Arab navigators were famous for their great powers of observation and sharp memories. They used all their senses to observe the colours and patterns of the sea and the sky. They also used the sun, the moon and the stars to find their way.
When the Jewel of Muscat leaves Oman on the voyage to Singapore the crew will have modern navigational equipment to monitor the ship's performance. However they will also experiment with some of the ancient techniques used by Arab navigators.
Celestial navigation is the science of finding your way by the sun, the moon, the stars and the planets. Humans have been finding their way using the sky for thousands of years.

For at least two thousand years, navigators have known how to determine their latitude — their position north or south of the equator.
At the North Pole, which is 90 degrees latitude, Polaris (the North Star) is directly overhead at an altitude (a height) of 90 degrees. At the equator, which is zero degrees latitude, Polaris is on the horizon with zero degrees altitude. Between the equator and the North Pole, the angle of Polaris above the horizon is a direct measurement of latitude.
To measure their latitude Arab navigators made a simple instrument called a kamal. This is a small rectangular wooden card with a string attached through a hole in the middle. Before leaving his homeport, the navigator would take his kamal and putting the string in his teeth, look towards Polaris. He would then stretch out his arm, keeping the string tight, to the position where he could see Polaris at the top of the kamal and the horizon along the bottom. He would then tie a knot at the point where his teeth touched the string.
To return to his homeport, he would sail north or south as needed, observing Polaris with the kamal and with the knot between his teeth. At the point where the star was on top of the kamal and the horizon was on the bottom he would turn towards home knowing he could sail down that latitude to his homeport.

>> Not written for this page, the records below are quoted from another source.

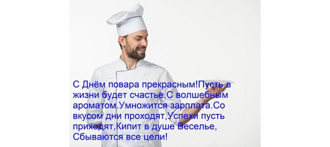 Открытка "С Днём повара прекрасным! Пусть в жизни будет счастье, С волшебным ароматом Умножится зарплата. Со в"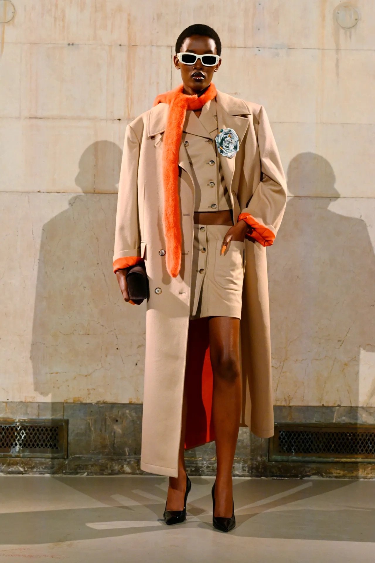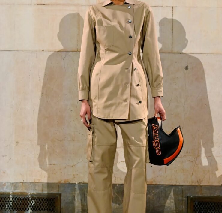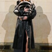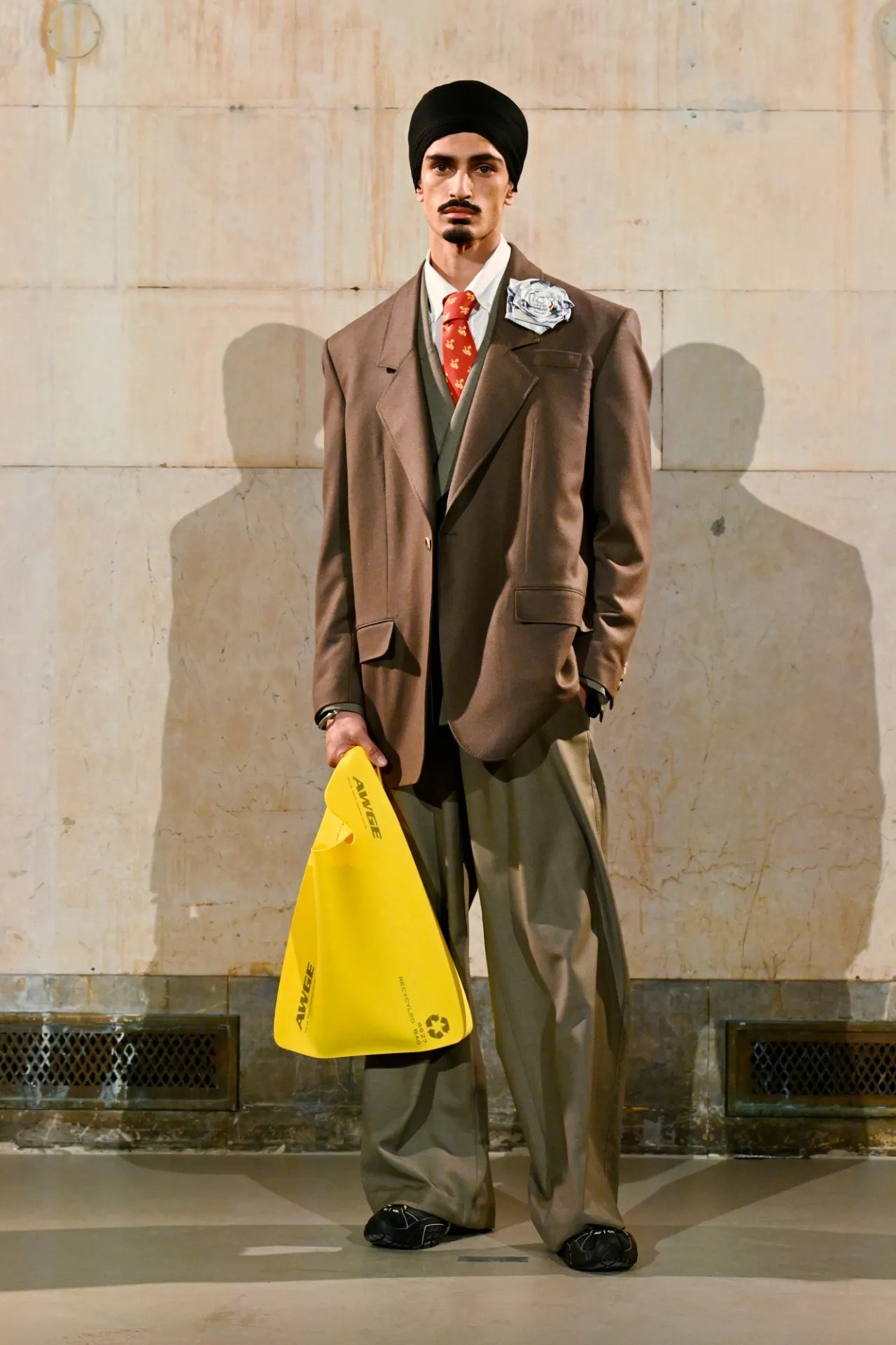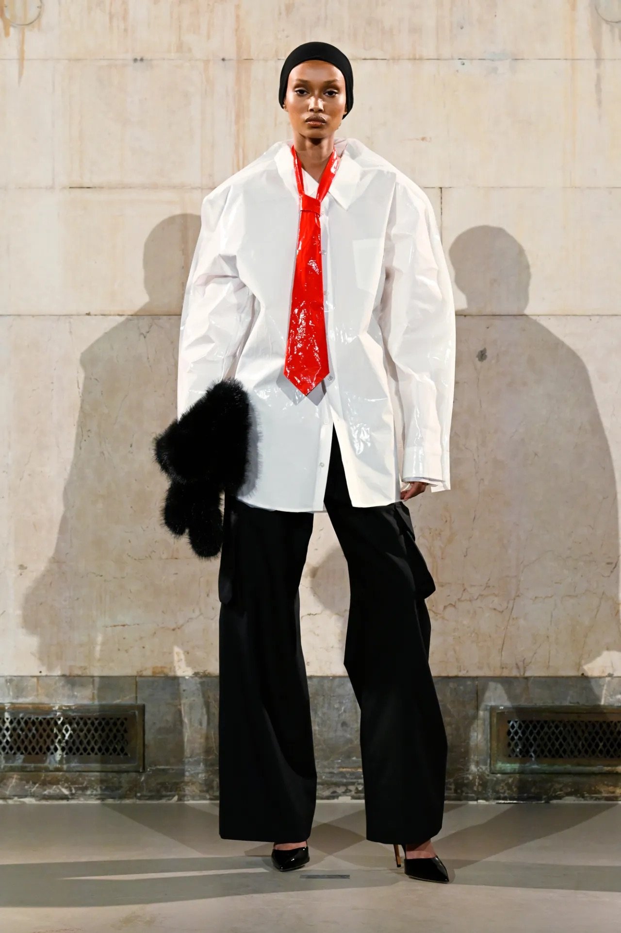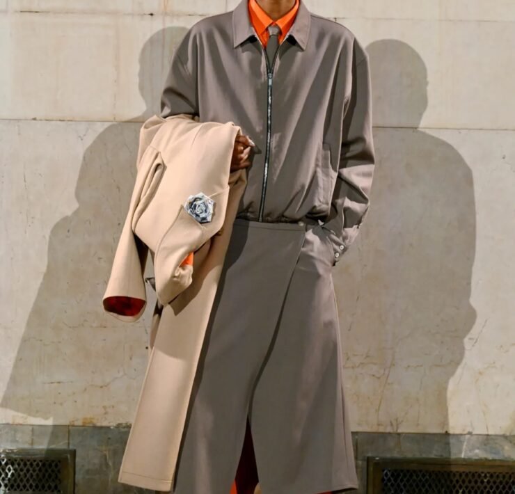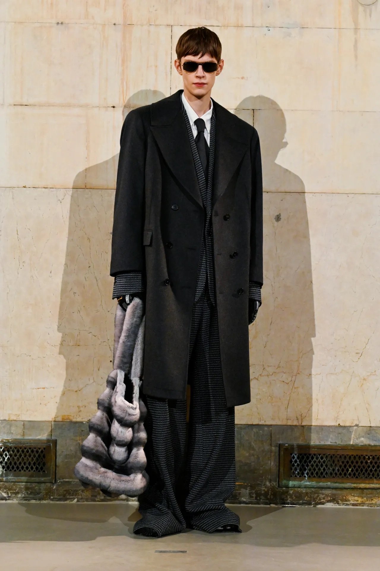 Accessories carried much of the collection’s conceptual weight. Oversized, deliberately impractical bags framed fashion as attitude over function. Fur baby pouches and a large leather baby carriage extended that idea further, with Rocky using fatherhood as a styling statement — putting men visibly and stylishly in caregiving roles. “I just wanted to put it under a different scope and show urban people doing it, swagging it up,” he said.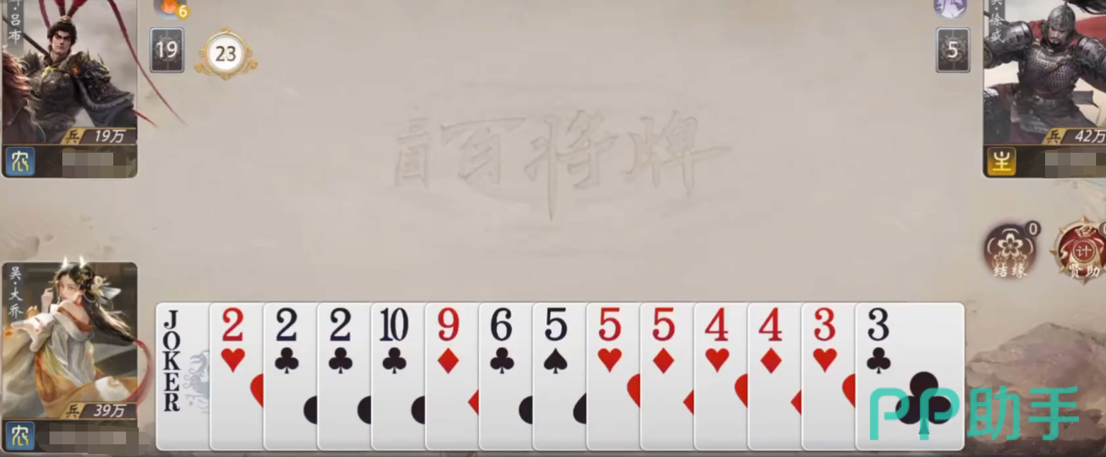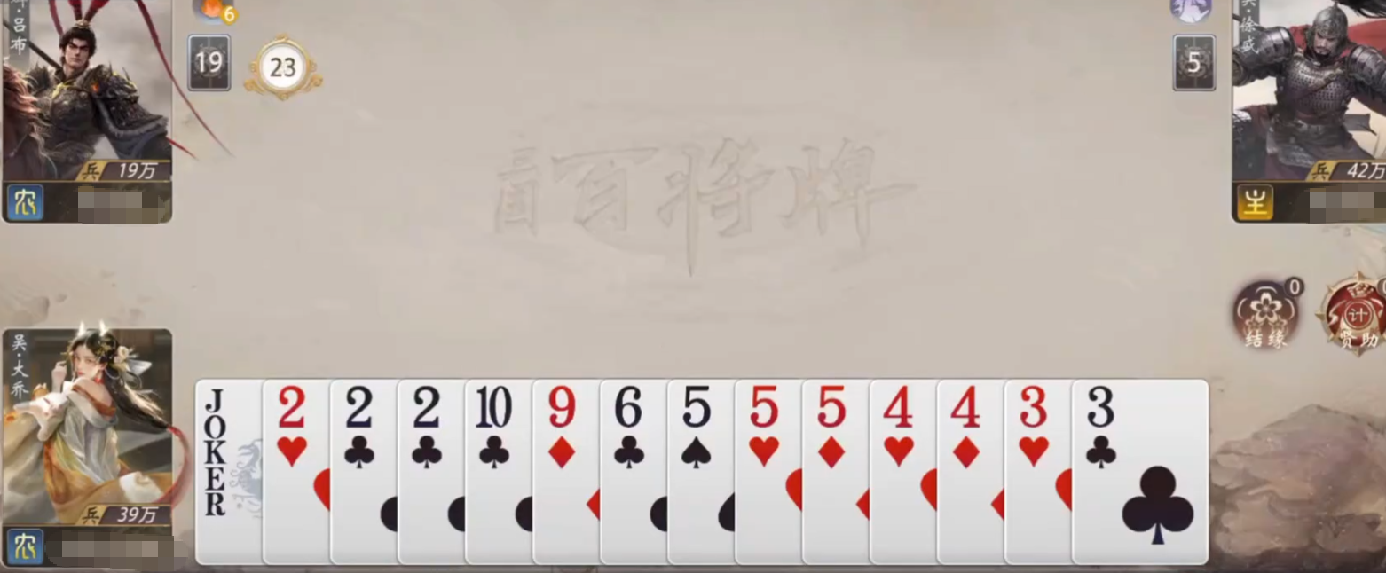 由于角色技能不能缺乏大小王的缺陷,在实战中可以利用这一点来做出判断。例如某位玩家显示出了最大的牌,但是没有补上大王和小王,那么大小王就还在其他玩家手中。大乔既可以补充手牌,也可以间接获取牌局信息,从而为以后的决策提供依据。了解了这些之后,大乔选择出牌的底气就更大了,队友也更容易躲开对手的强牌,比赛的节奏也渐渐被大乔把握住。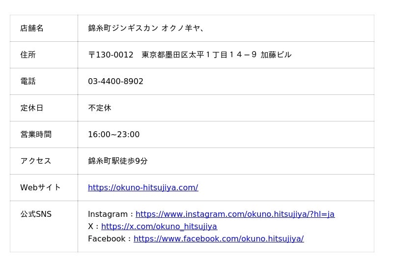 ■「錦糸町ジンギスカン オクノ羊ヤ、」とは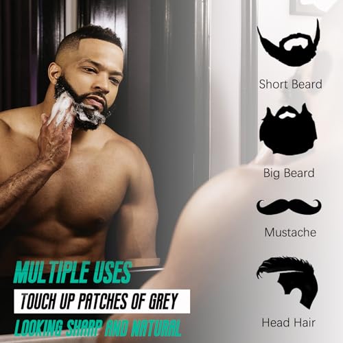 MULTIPLE USES—Whether you’re styling a beard, mustache, goatee, or sideburns, this product works flawlessly on all hair types. Its precision application ensures even coverage, giving you a consistent, natural look every time.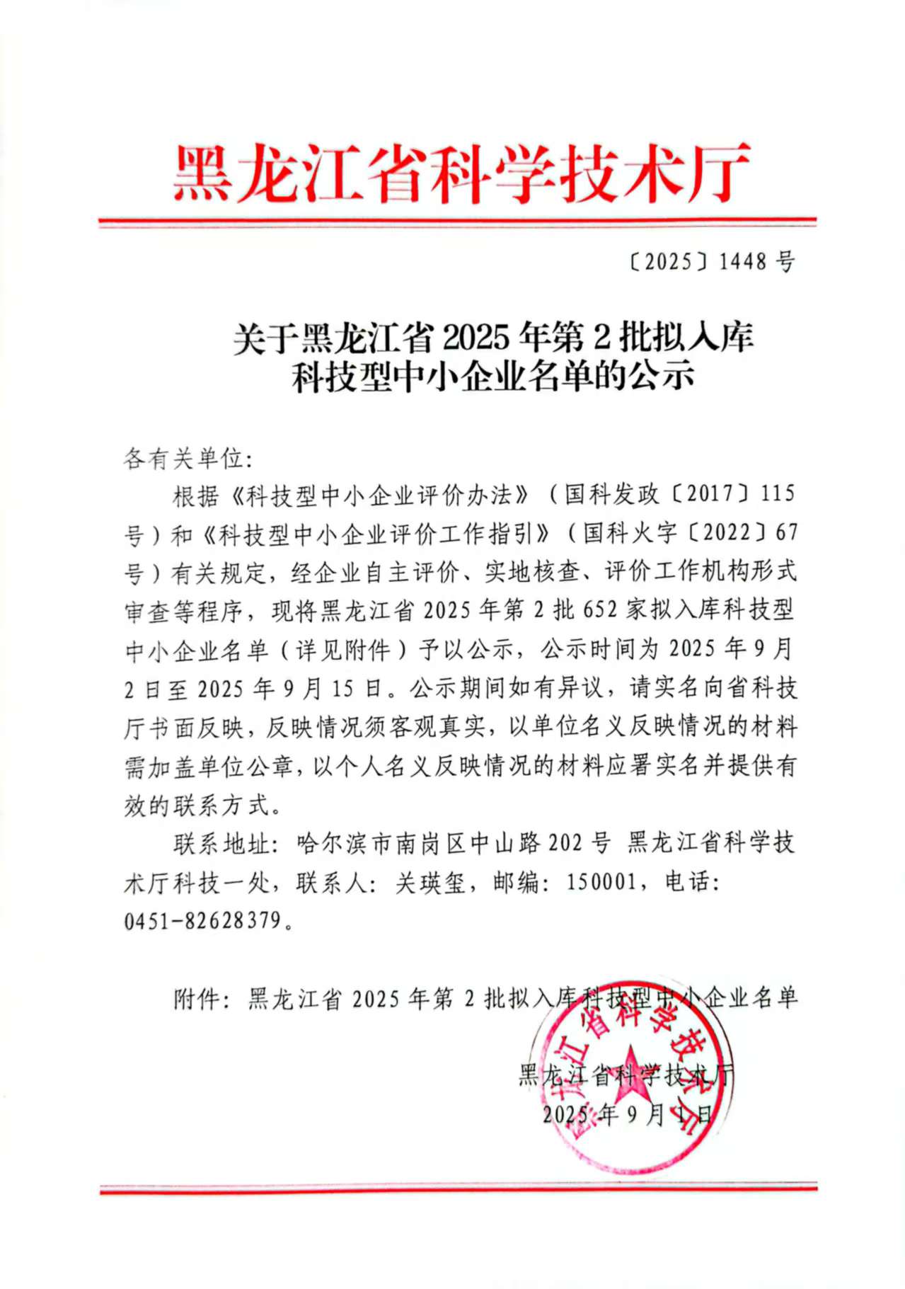黑龍江省2025年第2批擬入庫(kù)科技型中小企業(yè)名單公示正文.jpg PICTURE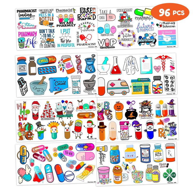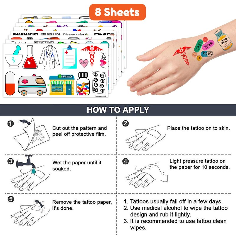 - Pattern rich: Funny Future Pharmacist Pharmacy Doctor Nurse Temporary Tattoos for Kids include 8 Sheets 96 PCS, the size of each sheet is 6.1 * 3.1 inches. Having a variety of characteristics, shapes and vibrant colors can stimulate your children's imaginations and bring a creative atmosphere to your Future Pharmacist Party.
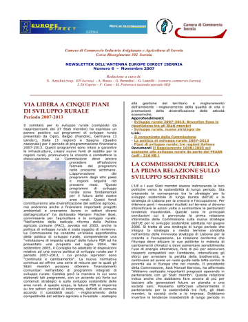 Camera di Commercio Industria Artigianato e Agricoltura di Isernia Corso Risorgimento 302 Isernia NEWSLETTER DELL’ANTENNA EUROPE DIRECT ISERNIA Numero 6 - Novembre 2007 Redazione a cura di: S. Azzolini (resp. ED Isernia) - A. Russo – G. Berardini – G. Laurelli – (camera commercio Isernia) I. Di Caprio – F. Cuna – M. Pettorossi (azienda speciale SEI) ____________________________________________________ VIA LIBERA A CINQUE PIANI DI SVILUPPO RURALE Periodo 2007-2013 Il comitato per lo sviluppo rurale (composto da rappresentanti dei 27 Stati membri) ha espresso un parere positivo sui programmi di sviluppo rurale presentati da Cipro, Belgio (Fiandre), Germania (3 Länder), Italia (3 regioni) e Spagna (Quadro nazionale) per il periodo di programmazione finanziaria 2007-2013. Questi programmi sono intesi a garantire le infrastrutture, creare nuove fonti di reddito per le regioni rurali, promuovere la crescita e combattere la disoccupazione. La Commissione deve ancora procedere all'adozione formale dei programmi nelle prossime settimane. L'approvazione dei programmi degli altri paesi e regioni seguirà nei prossimi mesi. "Questi programmi di sviluppo rurale sono fondamentali per il futuro delle nostre aree rurali. Questi fondi contribuiranno alla diversificazione del settore agricolo, ma andranno anche a finanziare importanti progetti ambientali e creeranno lavoro in settori diversi dall'agricoltura" ha dichiarato Mariann Fischer Boel, commissaria per l'agricoltura e lo sviluppo rurale. "Nell'ambito della radicale riforma della Politica agricola comune (PAC), avviata nel 2003, anche la politica di sviluppo rurale è stata oggetto di revisione. La Commissione ha condotto un'analisi approfondita della politica di sviluppo rurale, comprendente una "valutazione di impatto estesa" della futura PSR ed ha presentato una proposta nel luglio 2004. Nel settembre 2005, il Consiglio ha adottato le disposizioni relative ad una nuova politica di sviluppo rurale per il periodo 2007-2013, i cui principi ispiratori sono "continuità e cambiamento". La nuova normativa continua ad offrire una serie di misure per le quali gli Stati membri possono ottenere finanziamenti comunitari nell'ambito di programmi integrati di sviluppo rurale. Cambia però la maniera in cui sono elaborati tali programmi, con un accento più forte sui contenuti strategici e sullo sviluppo sostenibile delle aree rurali. A questo scopo, la futura PSR si impernia su tre settori centrali di intervento, definiti di comune accordo (i cosiddetti assi): - miglioramento della competitività del settore agricolo e forestale - sostegno alla gestione del territorio e miglioramento dell'ambiente - miglioramento della qualità di vita e promozione della diversificazione delle attività economiche. Approfondimenti: - Sviluppo rurale 2007-2013: Bruxelles fissa la ripartizione tra gli Stati membri - Sviluppo rurale, nuova strategia Ue Link: - Il comunicato della Commissione - La politica di sviluppo rurale 2007-2013 - Piani di sviluppo rurale: tre regioni italiane Documenti Il Regolamento 1698/2005 sul sostegno allo sviluppo rurale da parte del FEASR (pdf - 216 KB ) LA COMMISSIONE PUBBLICA LA PRIMA RELAZIONE SULLO SVILUPPO SOSTENIBILE L'UE e i suoi Stati membri stanno indirizzando le loro politiche verso la sostenibilità di lungo periodo. Sta crescendo la convergenza tra la strategia per lo sviluppo sostenibile di lunga durata dell'UE e la strategia di Lisbona per la crescita e l'occupazione. Per ottenere però i necessari risultati sul terreno si devono intensificare le azioni volte a sormontare le perduranti tendenze insostenibili. Queste sono le principali conclusioni cui è pervenuta la prima relazione intermedia della Commissione sulla nuova strategia dell'UE per lo sviluppo sostenibile adottata nel giugno 2006. Si tratta di una strategia di lungo periodo che integra la strategia a medio termine condotta nell'ambito della rinnovata strategia di Lisbona per la crescita e l'occupazione. La relazione conferma che l'Europa deve attuare le sue politiche in materia di cambiamenti climatici e deve aumentare sensibilmente l'uso di energie alternative, fare di più per assicurare trasporti compatibili con l'ambiente, intensificare gli sforzi per arrestare la perdita della biodiversità, e continuare ad avere un ruolo guida nella lotta contro la povertà sia in Europa che nel mondo. Il presidente della Commissione, José Manuel Barroso, ha affermato "Abbiamo realizzato importanti progressi operando in partenariato con gli Stati membri. Questa relazione indica anche che dobbiamo fare ancora di più per lasciare alle generazioni future un pianeta e una società sani. Possiamo rafforzare ulteriormente il partenariato per la sostenibilità tra l'UE, gli Stati membri, la società civile e le imprese. Dobbiamo invertire le tendenze insostenibili di lungo periodo in ambiti quali i consumi energetici, i trasporti, la biodiversità e la salute e continuare a dare rilievo all'aspetto della sostenibilità nell'ambito della strategia di Lisbona per la crescita e l'occupazione. Continueremo a svolgere un ruolo guida nella lotta contro i cambiamenti climatici e manterremo le promesse che abbiamo fatto al mondo in via di sviluppo." La nuova strategia per lo sviluppo sostenibile è stata adottata dal Consiglio europeo nel giugno 2006. Essa affrontava diverse sfide importanti: i cambiamenti climatici e le energie pulite, i trasporti sostenibili, i consumi e la produzione sostenibili, la conservazione e la gestione delle risorse naturali, la sanità, l'inclusione sociale, la demografia e le migrazioni nonché la povertà globale. La relazione conclude che sia l'UE che gli Stati membri sono riusciti a porre in atto molti degli opportuni quadri strategici. Si registra una crescente convergenza tra il grande obiettivo di lungo periodo attinente allo sviluppo sostenibile – incentrato sulla qualità della vita, l'equità tra generazioni e la tenuta della società europea

Over time, Arab navigators started tying knots in the string of the kamal at intervals of one isba (or issabah). The word isba is Arabic for finger and it measures an angle of about 1.5 degrees, or approximately the same as a finger width on an outstretched hand. For the ports they visited frequently, they would tie a knot on the string of the kamal to correspond with the altitude of Polaris for that location.
Did You Know?
Polaris stays almost motionless in the sky, and all the stars of the northern sky appear to rotate around it. Therefore, it makes an excellent fixed point from which to draw measurements for celestial navigation in the northern hemisphere.